- **Instructions for the task**: Could the data below be retyped exactly, without its pictures?
┌─ Information given
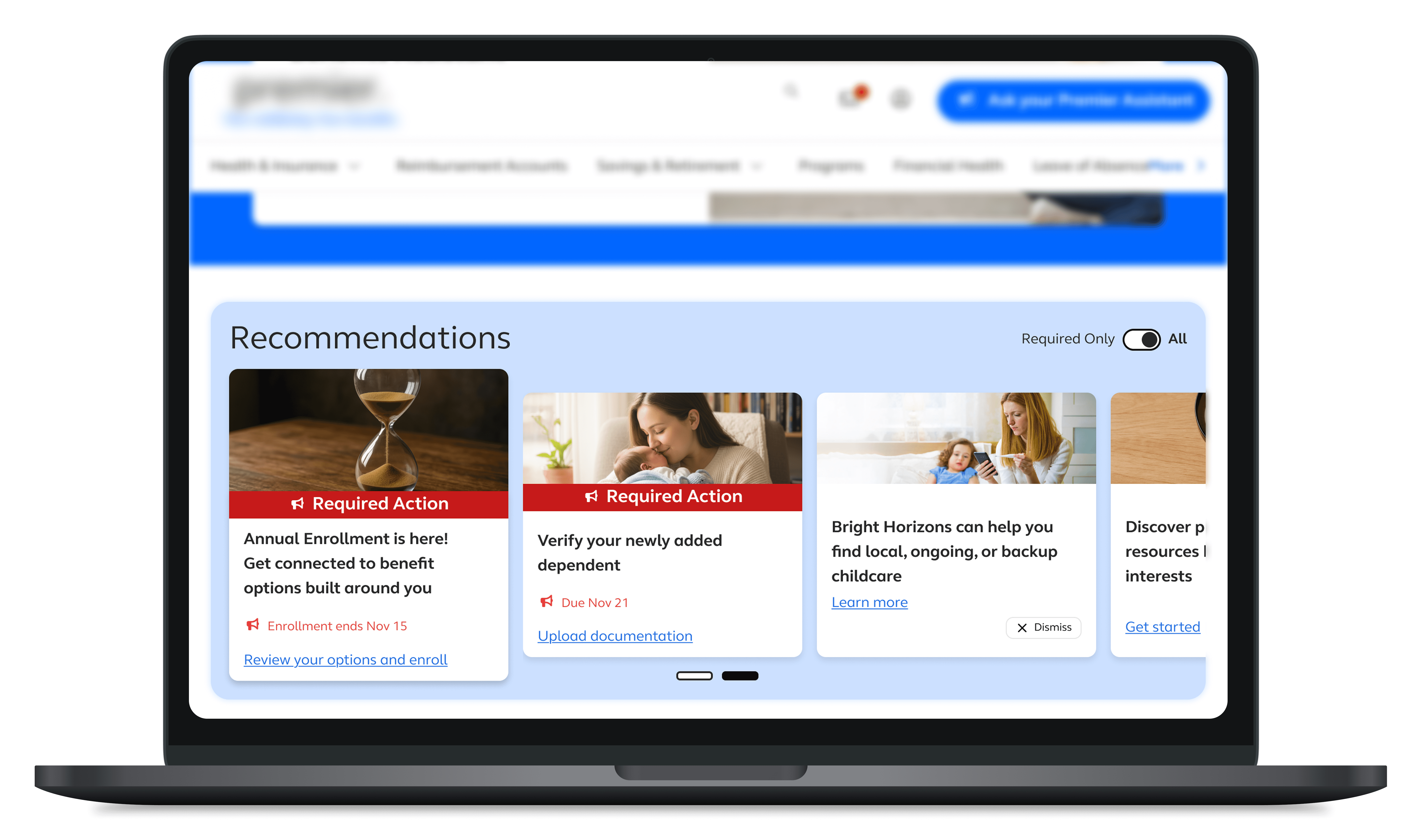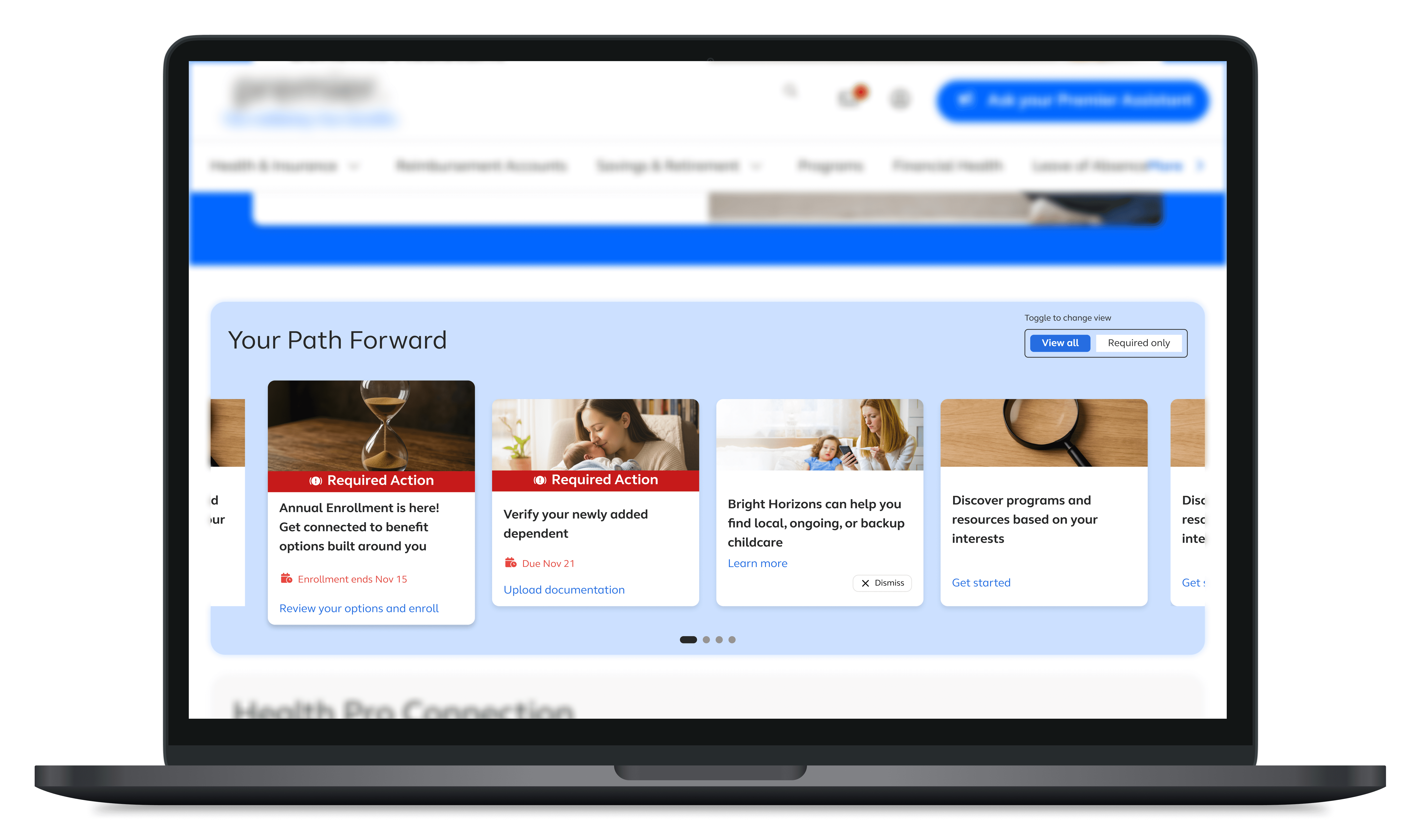 The platform was undergoing a significant redesign with a focus on surfacing AI-driven recommendations and tasks directly on the end user home screen. One of the new sections being added was a horizontally scrolling card feed. This feed was a place where users could see required actions, upcoming deadlines, and programs relevant to them, all in one place.
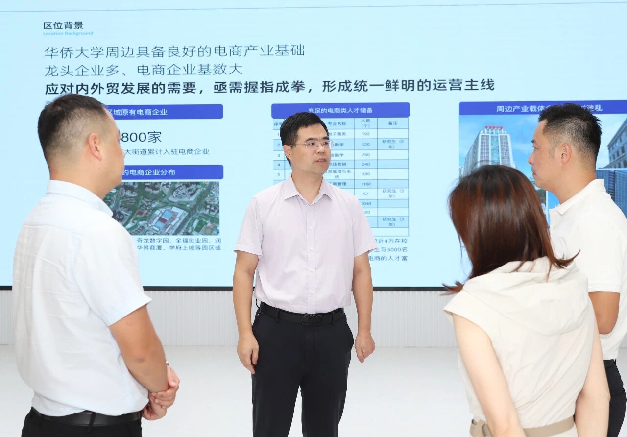 林清伏指出,要抢抓跨境电商发展新机遇,凝聚多方合力,统筹区域发展,持续打造生态链、服务链、人才链、金融链“四链融合”的环华侨大学电商生态圈,不断提升服务体系和发展能级,为全区经济高质量发展注入强劲动能。要突出招商实效,瞄准龙头企业和产业链上下游,吸引集聚一批优质企业,加快构建跨境电商全产业链生态。要立足辖区侨资源丰富、周边院校多等优势,培育更多跨境电商领域复合型、应用型人才。要把握政策导向,做实项目策划和包装,积极向上争取资金支持。要夯实要素保障,加快推进活力街区等项目建设,持续优化营商环境,打造宜居宜业、产城融合的现代化产业社区。
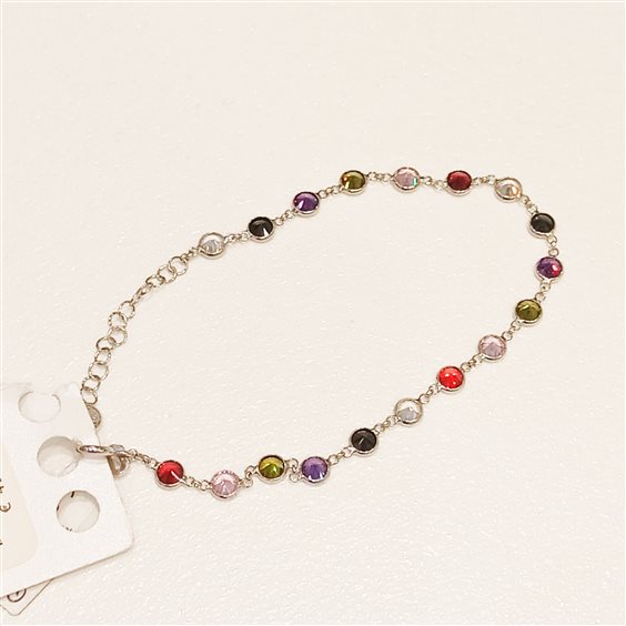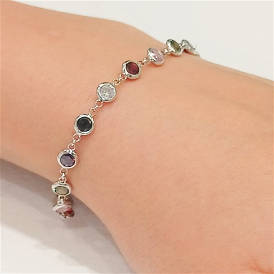 ELEGANTE BRACCIALETTO IN ARGENTO CON PIETRE INCASSATE A NOTTE, CRISTALLI COLORE ROSA, ROSSO, BIANCO, BLU, VERDE, VIOLA.
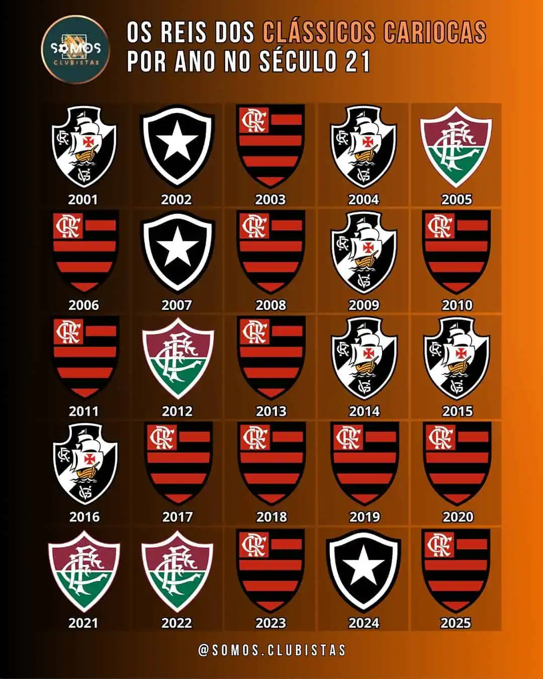 O Flamengo encerrou o ano de 2025 consolidando-se como o grande soberano dos clássicos do futebol carioca. Com um impressionante aproveitamento de 69% em 14 partidas, o Rubro-Negro reafirmou sua força e hegemonia no futebol do Rio de Janeiro, especialmente neste século. A supremacia do clube se torna ainda mais evidente ao analisarmos seu desempenho ao longo dos 25 anos do século 21, onde foi o campeão dos clássicos em 12 deles, sendo 6 nos últimos 10 anos.
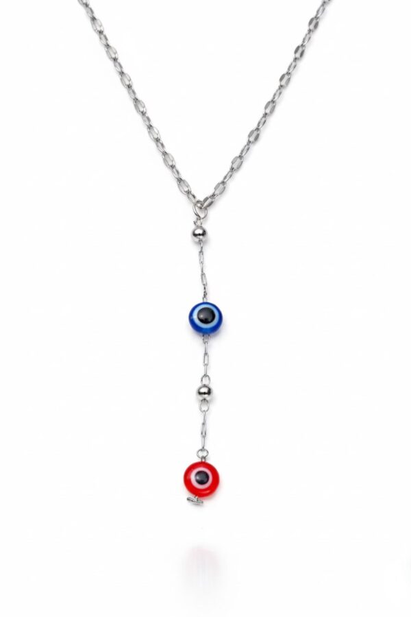 Toptan Gümüş Renk Dudak Zincir Nazar Göz Ye Model Yeni Sezon Çelik Kolye – 3834
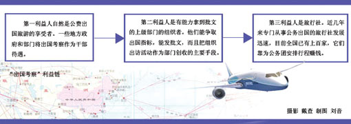 第三利益人自然就是旅行社。据了解,近几年来专门从事公务出国的旅行社发展迅速,目前全国已有上百家,集中在广州、上海、北京、南京、宁波等地。它们靠为公务团安排行程赚钱。“现在各级各地组织的出境、出国考察活动,绝大部分是通过旅游公司出去、并由境外旅游机构接团安排行程的,其实就是公款旅游。”新余市委一位干部对记者说。
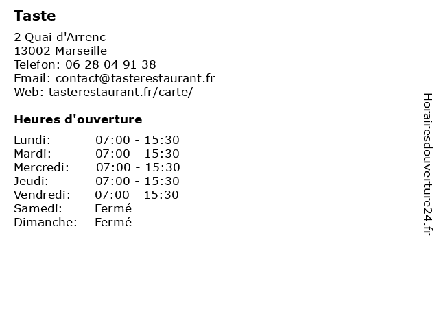 1 Taste (Distance: 0,78 km) 20 Boulevard de Dunkerque, 13012 Marseille burger, business, food, restaurants, sandwhich, taste 2 Taste Restaurant (Distance: 2,32 km) 75 Rue Francis Davso, 13001 Marseille bar, bistro, bistrot, brasserie, café, restaurant, restauration, taste 3 Taste Restaurant (Distance: 3,45 km) 151 Avenue des Aygalades, 13015 Marseille bar, bistro, bistrot, brasserie, café, restaurant, restauration, taste 4 Spok (Distance: 0,00 km) 2 Bis boulevard Euromediterrannée, 13002 Marseille boissons, cuisine, menus, repas, restaurant, spok 5 Little Extra (Distance: 0,26 km) 33 quai du Lazaret, 13567 Marseille accessoires cuisine, accessoires enfants, décorations, extra, little, salle de bain 6 Du Bruit dans la Cuisine (Distance: 0,26 km) - Quai du Lazaret, 13478 Marseille bruit, cuisine, dans, du, la, ustensils |
└─
- **Expected answer**:
 The platform was undergoing a significant redesign with a focus on surfacing AI-driven recommendations and tasks directly on the end user home screen. One of the new sections being added was a horizontally scrolling card feed. This feed was a place where users could see required actions, upcoming deadlines, and programs relevant to them, all in one place.
 林清伏指出,要抢抓跨境电商发展新机遇,凝聚多方合力,统筹区域发展,持续打造生态链、服务链、人才链、金融链“四链融合”的环华侨大学电商生态圈,不断提升服务体系和发展能级,为全区经济高质量发展注入强劲动能。要突出招商实效,瞄准龙头企业和产业链上下游,吸引集聚一批优质企业,加快构建跨境电商全产业链生态。要立足辖区侨资源丰富、周边院校多等优势,培育更多跨境电商领域复合型、应用型人才。要把握政策导向,做实项目策划和包装,积极向上争取资金支持。要夯实要素保障,加快推进活力街区等项目建设,持续优化营商环境,打造宜居宜业、产城融合的现代化产业社区。
 ELEGANTE BRACCIALETTO IN ARGENTO CON PIETRE INCASSATE A NOTTE, CRISTALLI COLORE ROSA, ROSSO, BIANCO, BLU, VERDE, VIOLA.
 O Flamengo encerrou o ano de 2025 consolidando-se como o grande soberano dos clássicos do futebol carioca. Com um impressionante aproveitamento de 69% em 14 partidas, o Rubro-Negro reafirmou sua força e hegemonia no futebol do Rio de Janeiro, especialmente neste século. A supremacia do clube se torna ainda mais evidente ao analisarmos seu desempenho ao longo dos 25 anos do século 21, onde foi o campeão dos clássicos em 12 deles, sendo 6 nos últimos 10 anos.
 Toptan Gümüş Renk Dudak Zincir Nazar Göz Ye Model Yeni Sezon Çelik Kolye – 3834
 第三利益人自然就是旅行社。据了解,近几年来专门从事公务出国的旅行社发展迅速,目前全国已有上百家,集中在广州、上海、北京、南京、宁波等地。它们靠为公务团安排行程赚钱。“现在各级各地组织的出境、出国考察活动,绝大部分是通过旅游公司出去、并由境外旅游机构接团安排行程的,其实就是公款旅游。”新余市委一位干部对记者说。
 1 Taste (Distance: 0,78 km) 20 Boulevard de Dunkerque, 13012 Marseille burger, business, food, restaurants, sandwhich, taste 2 Taste Restaurant (Distance: 2,32 km) 75 Rue Francis Davso, 13001 Marseille bar, bistro, bistrot, brasserie, café, restaurant, restauration, taste 3 Taste Restaurant (Distance: 3,45 km) 151 Avenue des Aygalades, 13015 Marseille bar, bistro, bistrot, brasserie, café, restaurant, restauration, taste 4 Spok (Distance: 0,00 km) 2 Bis boulevard Euromediterrannée, 13002 Marseille boissons, cuisine, menus, repas, restaurant, spok 5 Little Extra (Distance: 0,26 km) 33 quai du Lazaret, 13567 Marseille accessoires cuisine, accessoires enfants, décorations, extra, little, salle de bain 6 Du Bruit dans la Cuisine (Distance: 0,26 km) - Quai du Lazaret, 13478 Marseille bruit, cuisine, dans, du, la, ustensils |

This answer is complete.